Do You Like Me? Check Yes or No

Something that’s on my mind at the moment—as I struggle through the dead center of a book due in just six weeks (okay, I really did not need that self-inflicted pressure)—is how to make my protagonists believable and yet appealing. See, those are the two sides of the main character coin for most commercial fiction. When we talk about writing a “hero” and a “heroine,” particularly in a romance novel, I acknowledge that the reader comes to the story with certain expectations.

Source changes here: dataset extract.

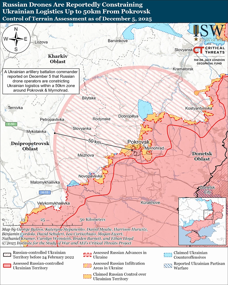 Российские войска пытаются полностью лишить украинскую логистику тактического и оперативного уровня на Покровском направлении, используя беспилотники для достижения эффекта воздушного перехвата на поле боя (BAI). Командир украинского артиллерийского дивизиона, действующий на Покровском направлении, сообщил 5 декабря, что российские войска используют беспилотники для попытки пресечения украинских наземных целей в радиусе 50 километров от Покровска, но украинские войска пытаются смягчить этот эффект.[9] Ласийчук отметил, что украинские войска способны осуществлять снабжение и проводить ротации в Покровско-Мирноградском котле и работают над расширением наземного центра к северу от котла.[10] Развивающийся план российской кампании основан на достижении частичного эффекта воздушного перехвата на поле боя (BAI) против украинской логистики на оперативной глубине (примерно от 25 до 100 километров) в течение нескольких месяцев, чтобы ослабить украинские оборонительные возможности, так что российским войскам будет легче продвигаться против ослабленных украинских войск.[11] Российские войска выделили элитные подразделения беспилотников, такие как Центр передовых беспилотных технологий «Рубикон», для нанесения ударов по украинской логистике и операторам беспилотников на оперативной глубине.[12] Успешная российская кампания BAI в радиусе 50 километров от Покровска также повлияет на украинскую логистику в направлениях Краматорска, Константиновки и Новопавловки и, вероятно, позволит российским войскам быстрее продвигаться вперед, особенно если российским войскам удастся повторить успехи кампании на других участках линии фронта.

First, if I do my job well, the reader becomes (or at least deeply identifies with) the hero/heroine of the story. So if I want the reader to stick with me for the ride, that character had better be somebody admirable. Not perfect, but the kind of person you’d want to spend several hours getting to know. I ask myself some of the following questions:

• Does this character demonstrate a hunger to know God? He or she may not be a full-blown believer at the beginning of the story, but there should be some evidence of openness to God’s presence and love. For example, in my May Zondervan release, Fireworks, Susannah isn’t a Christian, but she is definitely curious about what makes Quinn different from other men she’s known.

• Does the character have a warm way of responding to others? This is the one that sneaks up on me sometimes. Because I write with a sometimes snarky sort of humor, characters in my first drafts often come across as hard or unsympathetic—particularly the heroine, for some reason. If I have to go back and soften her, usually it’s a matter of tweaking dialogue.

• Does this character respond to difficulties in a mature fashion? No pouting, whining, or excessive anger allowed. Internal and external dialogue is critical. Self-deprecation—humility—is an attractive quality. So is humor.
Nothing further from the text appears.